1) Build a gold set of questions
I maintain a benchmark suite of recurring investor workflows (supply-chain dependency, portfolio risk, report extraction, and strategic decisions). Each case specifies what “correct behavior” means: expected tools, expected entities, expected numbers within tolerance, and what must not appear.
# eval/questions.json (illustrative)
[
{
"id": "nvda_risks_2024q4",
"question": "What are the near-term risks for NVDA given current valuation and export controls?",
"expected_tools": ["search_financial_news", "search_reports"],
"expected_entities": ["NVDA"],
"must_not_contain": ["fabricated numbers"]
}
]
2) Retrieval-first metrics
Before judging the answer, I evaluate behavior: did the agent call the right tools and anchor to the right entities and numbers? If tool selection is wrong, “better prompting” only hides the failure mode.
- Tool selection score: expected tools vs actual tool calls.
- Entity grounding: expected entities present; prohibited entities absent.
- Numeric correctness: extracted values within tolerance (and no “10-K → 10” parsing bugs).

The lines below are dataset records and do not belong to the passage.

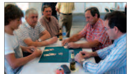
MUS TXAPELKETA LARUNBATEAN DA.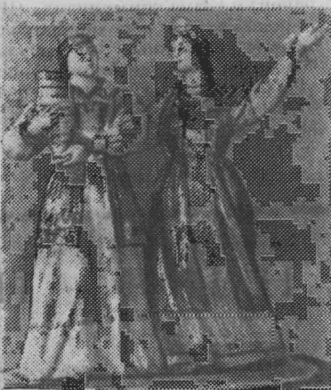
Свыше ста скульптур и этюдов представлено на выставке произведений заслуженного деятеля искусств РСФСР и Якутской АССР Прокопия Ивановича Добрынина, которая открылась в Якутске.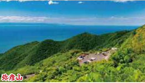
弥彦山 彌彦神社 弥彦山をご神体とする「二礼四拍手一礼」の神社。「4拍手」する神社は「出雲大社」と「宇佐神宮」が有名です。

明治時代には日本一人口が多かったのが新潟県、さすがは米どころ、酒どころ。また、海に山に美しい絶景の宝庫で神社数は約4700社で日本一。歴史を紐解くと…新潟県付近は古代の高志一越(こし)の国の東端に位置し蝦夷の領域に接する辺境国の地でありましたが旧石器時代から縄文にかけて輝かしい文明が華開いたことは世界に類を見ない火炎土器が証明します。戦後時代には軍神と崇められた上杉謙信、幕末は日本のラスト侍と称される河井継之助、連合艦隊司令長官・山本 五十六、そして元総理・田中角栄氏などこの地から様々な人物が輩出されました。さて、どんなビックリが貴方様を待ち受けているか発見しましょう。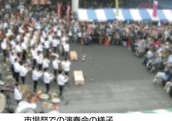
市場祭での演奏会の様子

【市場祭】 年に1度の大会イベント「松戸南部市場祭」は、松戸市民の方に日頃の感謝の気持ちを込めて開催されています。11月11日(日)、9時~14時。松戸市の方に楽しんで頂く! 1日居ても飽きない! をモットーに、毎年大人気で、昨年も家族連れの方が3万人以上も来場されたのだとか。会場には市場ならではの模擬店もあり、お得な品物がズラリ! お子様連れの方にも「ミニSL」や「フワフワドーム」もあります。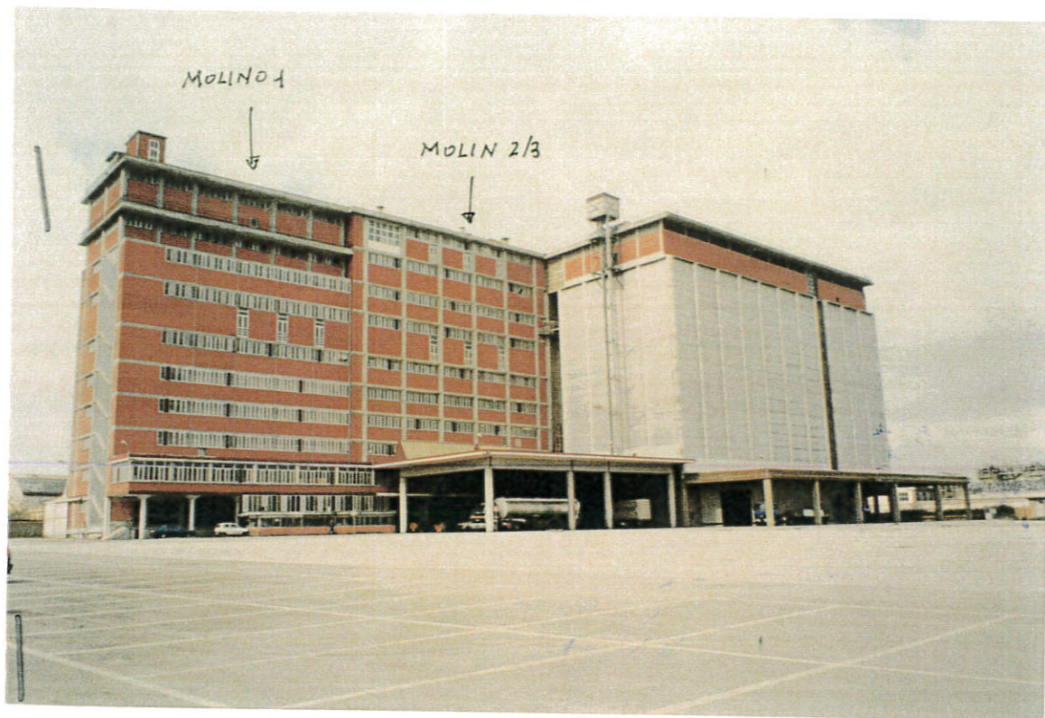
FOTO n° 1: Sono visibili i due molini (con rivestimento in mattoni rossi), i due silos, le pensiline e il porticato;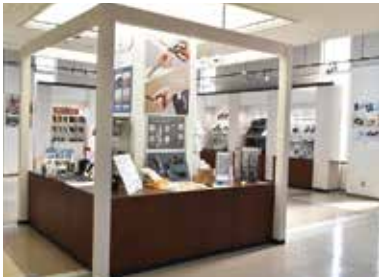
春・秋の新製品フェア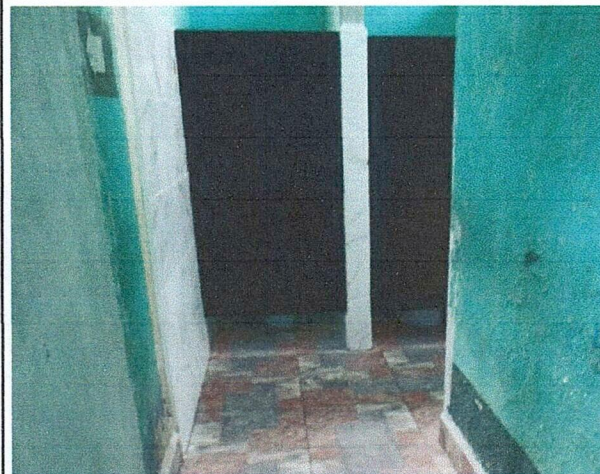
Foto 7: Area de donde se esta realizando el mantenimiento de puertas y paredes en el area del baño.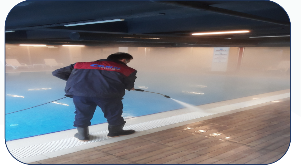
Her Pazartesi günü detaylı havuz temizliği ve bakımı yapılmaktadır.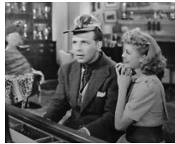
1938 LE CAVALIER ERRANT (Going places) de Ray Enright avec Anita Louise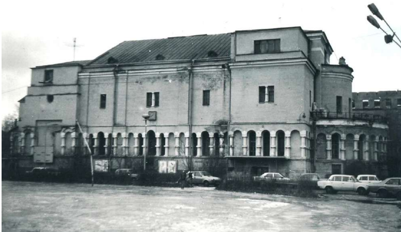
Архивное фото: перестроенный храм, 1995 год.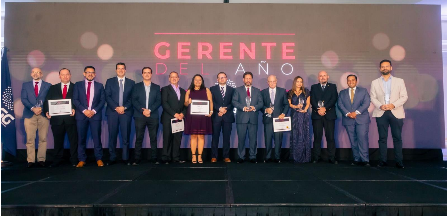
Ganadores del Galardón Gerente del Año 2024 anunciados por la Asociación de Gerentes de Guatemala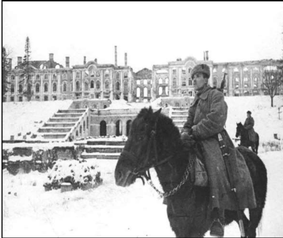
Советский солдат в Петергофе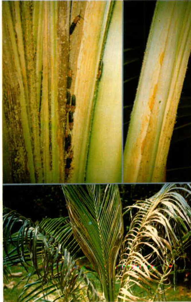
En haut à gauche : Insectes adultes sur la spathe. En haut à droite : Larves creusant la spathe. En bas : Dégâts sur jeune cocotier.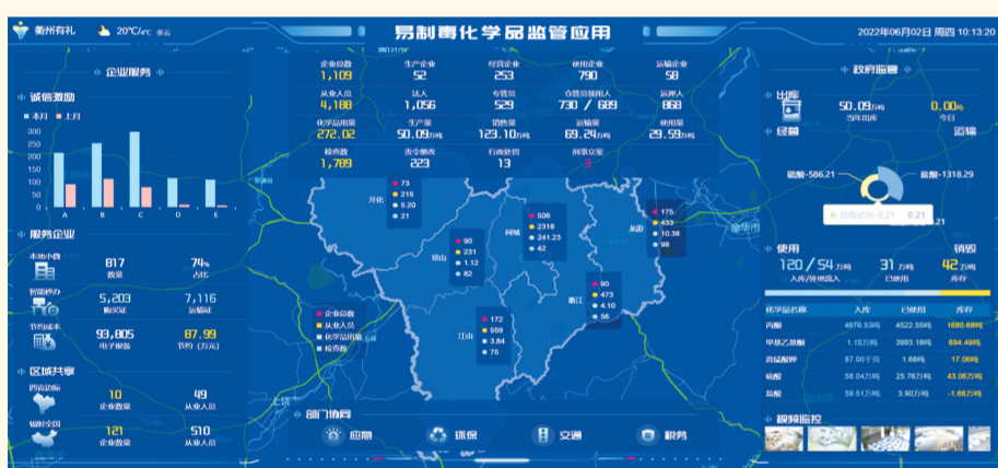
易制毒化学品监管

该应用围绕易制毒化学品出库、经营、运输、使用、销毁等全生命周期管理的5个关键环节,开发建设信息一库归集,流向一屏展示,风险一码掌控、服务一站到底等功能,推动企业、驾驶员和监管部门等多方协同,确保易制毒化学品流通安全。应用于2021年7月22日上线“浙里办”,截至今年5月底,已注册企业1108家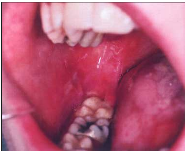
Figur 3. Mukositis hos patient som behandlats med cytostatika i kombination med strålbehandling.

måste behandlas kirurgiskt, därefter noggrann plackkontroll.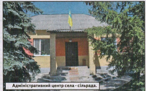
Адміністративний центр села - сільрада.

ціонуватиме (у відповідності до вимог освітнянської реформи) інклюзивний клас для школярів з особливими потребами.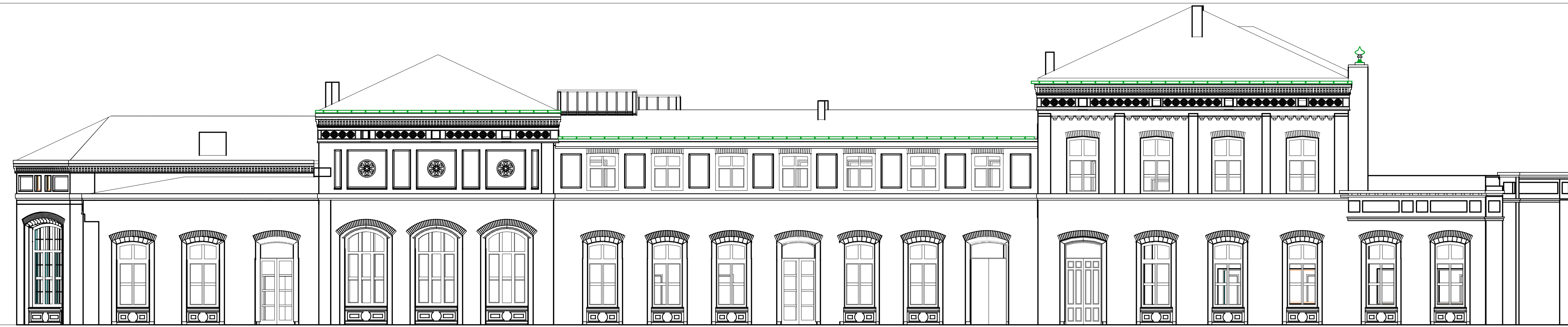
ELEWACJA PÓLNO-CZYSTO-ZACHODNIA SKALA 1:100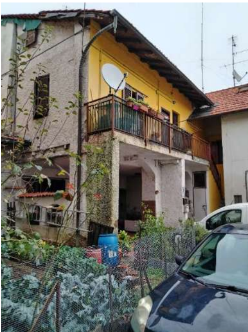
2) Vista laterale (da via S. Cosma) dell'abitazione del fabbricato dove è inserita l'unità immobiliare;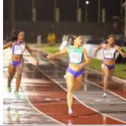
PARTICIPACIÓN LIGA DE ATLETISMO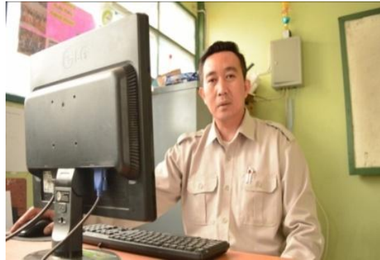
Gambar 18: Video Wawancara humas SMK Yuppentek 4 Ciledug Tangerang

Medium shoot (MS) / EXT Menggambarkan Wawancara Humas SMK Yuppentek 4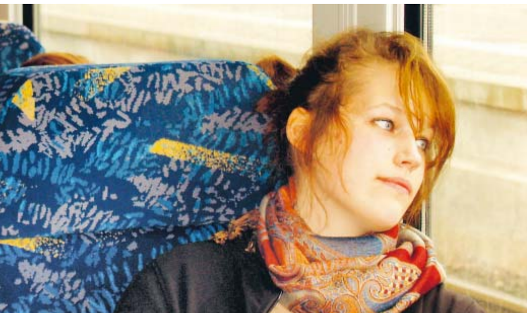
„Wie schön wäre es, schon zu Hause zu sein“, denkt sich diese Studentin.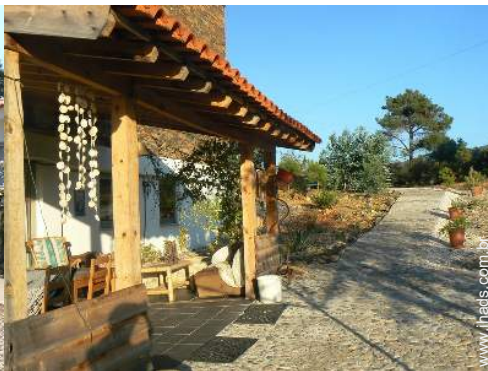
Equipamentos de lazer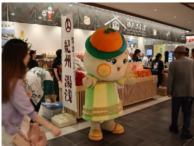
町外での PR イベント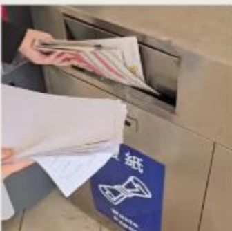
描述：3月2日 把用過的紙丟回收箱 循環再造 by 1E 21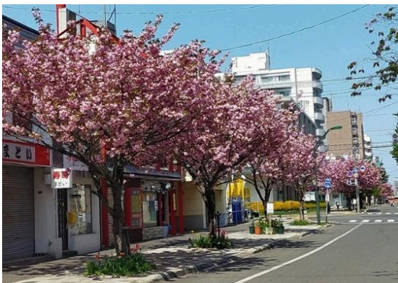
写真：本郷商店街の桜並木

この道路空間は、人々のにぎわいや交流の場としての活用を目指して整備されましたが、商店街や地域からの要望がありながらも一般的な道路としての利用に留まり、その特徴を十分生かせずにいるのが現状です。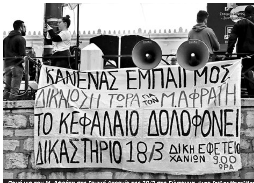
Πανό για τον Μ. Αφράτη στη Γενική Απεργία της 28/2 στο Σύνταγμα.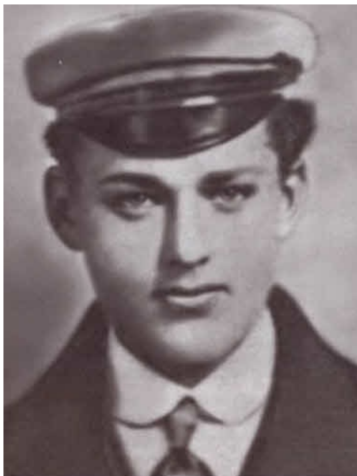
Могила Ксаверия Рокоссовского на кладбище Брудно. Плита установлена его сыном К. К. Рокоссовским в начале 1950-х годов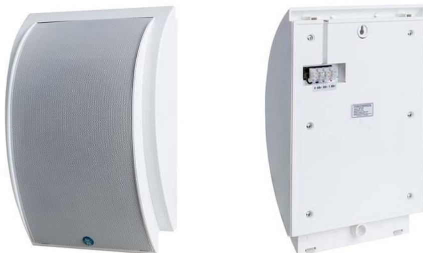
Рис. 1. Внешний вид громкоговорителя.

Внешний вид громкоговорителя показан на рис. 1.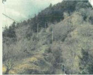
藤岡 8 二千階段周辺整備事業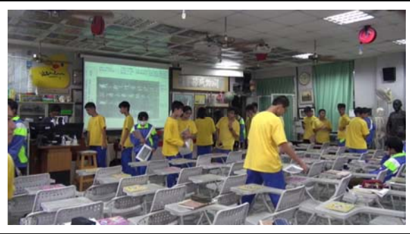
快雪時晴帖美術史課程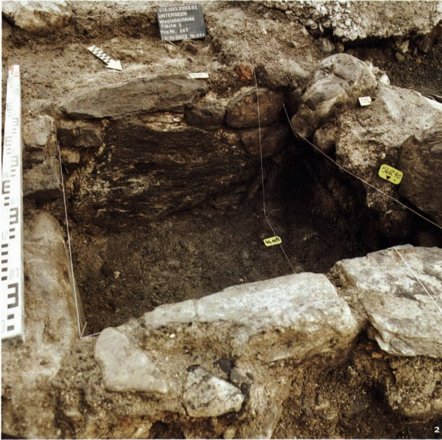
Abb. 2 In dieser mit Steinen ausgekleideten Grube kamen nebst Überresten von Talglämpchen, Geschirr und Gläsern Tausende von Tierknochen zum Vorschein.

Dans cette fosse revêtue de pierres ont été mis au jour des petites lampes à suif, de la vaisselle et des récipients en verre, ainsi que des milliers d'ossements animaux.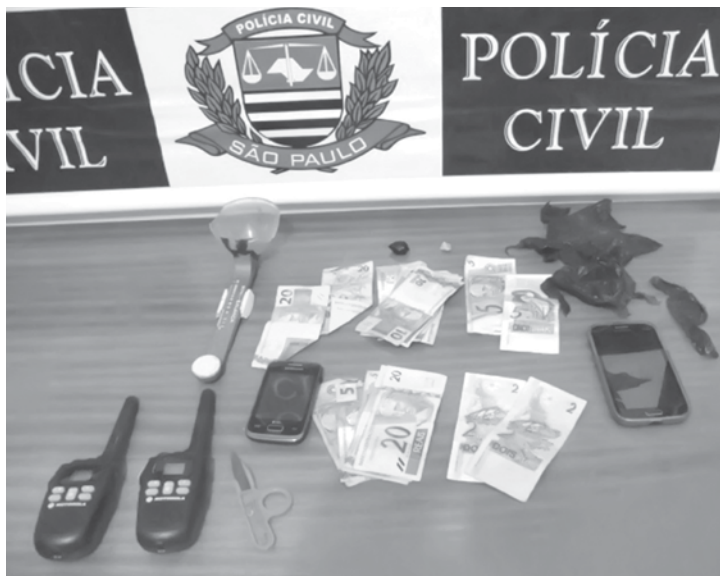
Dinheiro e material utilizado no tráfico foram apreendidos pela Polícia Civil

A perícia técnica compareceu e todos os procedimentos de praxe foram tomados. As causas do acidente são investigadas pela Polícia.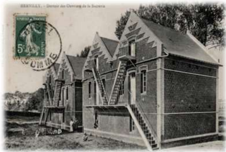
Dortoir des ouvriers de la sucrerie d'Hervilly-Montigny (Carte postale 1924).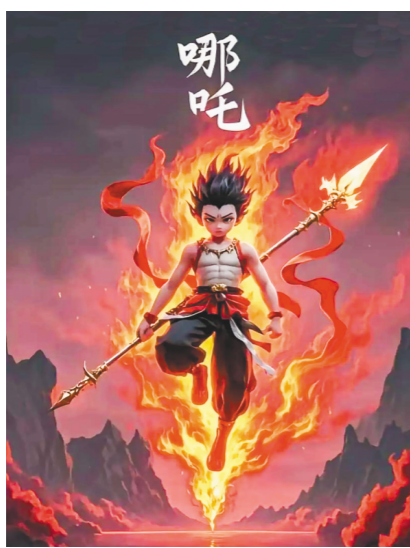
△哪吒在现代影片中的造型。

哪吒的故事有《封神演义》《西游记》和现代电影三个版本。故事中，李靖手中的宝塔从镇压之器变为无形之爱，哪吒的反抗从剔骨还父转向对抗天命，这背后映照的是一部中国人民精神世界的变迁史。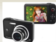
Máquina fotográfica GE J1455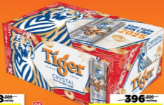
05 Thùng 24 lon bia Tiger Crystal 330ml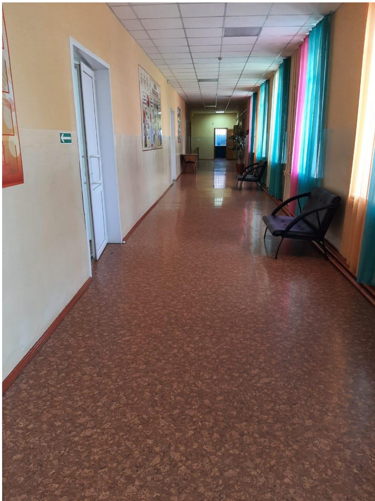
Фото № 6. Коридор и вестибюль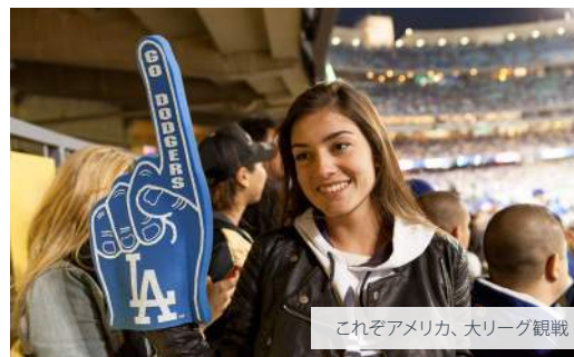
これぞアメリカ、大リーグ観戦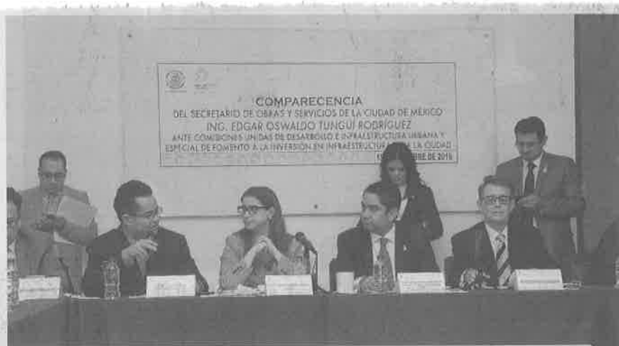
SE ADVIRTIÓ que resultarían afectadas la ampliaciones de las líneas A, 9 y 12 del Metro, así como la construcción de la línea 7 del Metrobús.

Frente a los legisladores, adelantó que próximamente se publicará la licitación para la obra civil del corredor de la Línea 7 del Metrobús, que correrá por Paseo de la Reforma en beneficio de alrededor de 110 mil personas, proyecto que incluye la rehabilitación de Calzada de los Misterios y las glorietas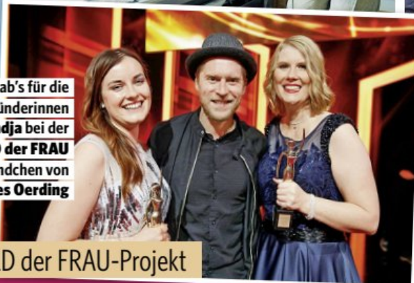
GOLDENE BILD der FRAU-Projekt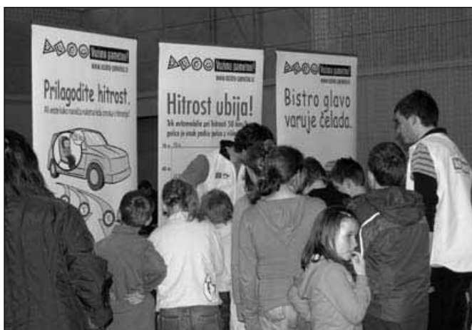
Otroci preizkušajo varnostne sedeže

Po zaključku programa so se starši in otroci pridružili predstavnikom Sveta za preventivo in vzgojo v cestnem prometu in jim prisluhnili. Otroci so preizkušali varnostne sedeže in se zabavali z maskoto Pasavček.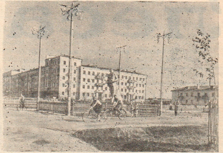
На Вологодском льнокомбинате в нынешнем году ведутся большие работы по благоустройству территории предприятия и рабочего поселка.

На снимке: на одной из улиц рабочего поселка.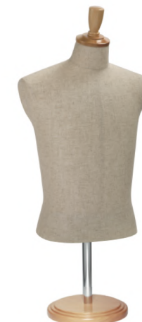
SG0980A-2C 芯地 Arm: なし Head: H-57 クリア Base: B-61 クリア S 高さ:60 B:89 W:77 肩幅 43 M 高さ:60 B:93 W:80 肩幅 44 L 高さ:60 B:95 W:81 肩幅 46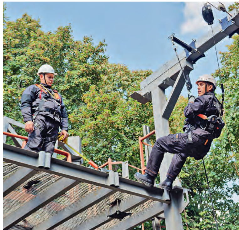
▲ На МГОКе модернизировали учебный полигон для отработки навыков безопасной работы на высоте

спецоценка проведена на рабочих местах в количестве 2 700 штук.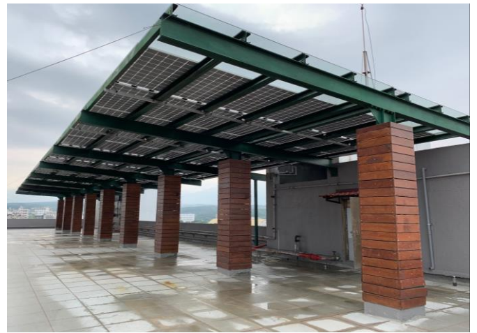
聖約翰科大於工管大樓新埔共創基地自設屋頂景觀型太陽光電發電設備，設置容量為 40.6 瓩。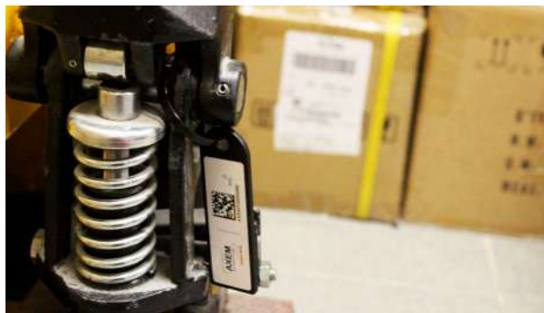
Traçabilité de machines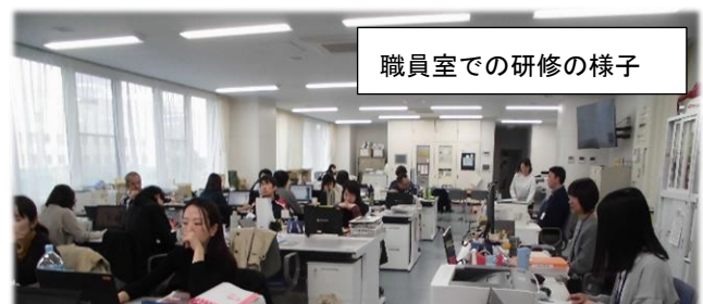
職員室での研修の様子

これらは、自殺予防の観点としてだけでなく、子どもを理解する上で、私たち大人が、毎日実践していくことができそうです。友達とのこと、学習のこと…家庭と学校とが連携しながら、子ども一人一人の心に寄り添っていきたいと思います。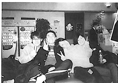
仕事の疲れをリフレッシュです。まったり♪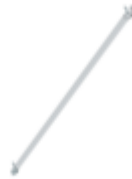
Planche de bordure latérale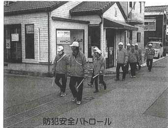
防犯安全パトロール

三月二十二日市庁舎に木村市長を表敬訪問し受章の報告をしました。市長からもお祝いとお励みのお言葉を頂きました。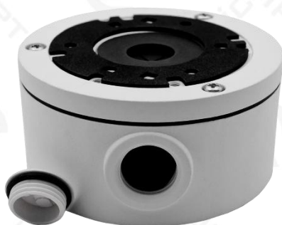
Монтажная коробка IPTRONIC IPT-JB131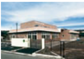
東日本大震災支援事業 (石巻ひがし保育園)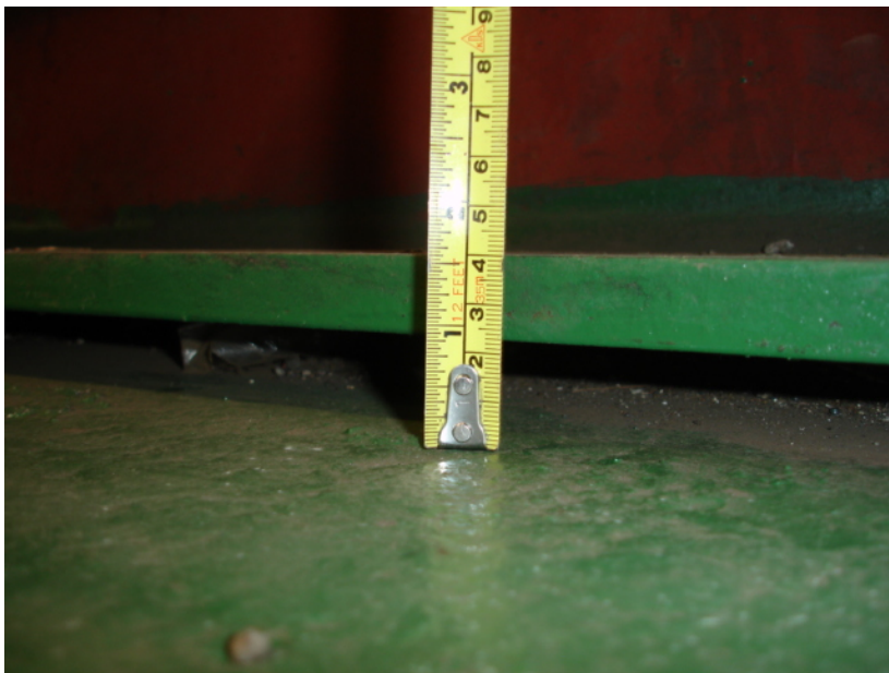
รูปที่ 4 แสดงระยะระหว่างฐานของ Platform กับพื้น คสล.

3) Source-grounded answer scoring
For answers, I bias toward grounded outputs. When the agent is missing data, it should ask for missing context or avoid hard claims rather than hallucinating.
- Factual checks: expected facts present, prohibited claims absent.
- Hallucination detection: enforce must-not-contain constraints for known failure modes.
- Reasoning/strategy signals: for medium/hard cases, verify it provides analysis and actionable recommendations.
4) Latency and token economics
For daily usage, cost and responsiveness are product features. I track latency percentiles and tokens-per-answer, and I use routing (cheaper models for summarization, stronger models for synthesis) to hit budgets without collapsing quality.
5) Monitoring for drift
Markets change and sources change. I log query types, retrieval distributions (doc types, dates), and “answer confidence” proxies (abstentions, citation density) to detect drift early and refresh the benchmark set.
In practice, I run this continuously during iteration:
python scripts/run_evaluation.py --difficulty easy python scripts/run_evaluation.py --difficulty hard --category investment_strategy --max-cases 5
Try It Yourself
The complete implementation is available at: github.com/Yvette-0508/financial-deep-research (private)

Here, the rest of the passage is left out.